►

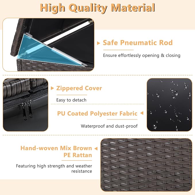 - 【Durable & Stable Structure】 The main body of the deck storage box is crafted with premium PE rattan, which features high strength and weather-resistance, ensuring enduring life. Additionally, the bottom reinforced metal bars and 2 extra middle feet offer it stronger support and increased stability.
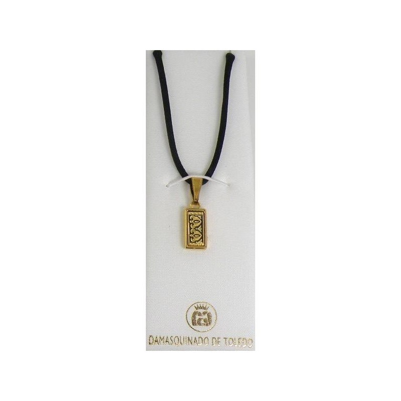 Damascene Gold Geometric Rectangle Pendant. Damascene Jewelry by Midas of Toledo Spain. Golden Necklace. Damascene Womens Jewelry.
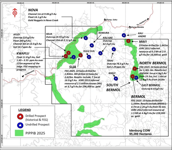 The Sua Prospect sits within the approximately 5-kilometre-long Sua-Afley shear zone, a prominent structural corridor that remains largely underexplored. The Idenburg Project hosts a JORC 2012 Inferred Mineral Resource of approximately 540,000 ounces of gold at an average grade of 4.1 g/t Au across multiple prospects.

◄

• What to produce
Pictures stay out. Everything else in the listing gets printed exactly.

• Task answer
 - 【Durable & Stable Structure】 The main body of the deck storage box is crafted with premium PE rattan, which features high strength and weather-resistance, ensuring enduring life. Additionally, the bottom reinforced metal bars and 2 extra middle feet offer it stronger support and increased stability.
 Damascene Gold Geometric Rectangle Pendant. Damascene Jewelry by Midas of Toledo Spain. Golden Necklace. Damascene Womens Jewelry.
 The Sua Prospect sits within the approximately 5-kilometre-long Sua-Afley shear zone, a prominent structural corridor that remains largely underexplored. The Idenburg Project hosts a JORC 2012 Inferred Mineral Resource of approximately 540,000 ounces of gold at an average grade of 4.1 g/t Au across multiple prospects.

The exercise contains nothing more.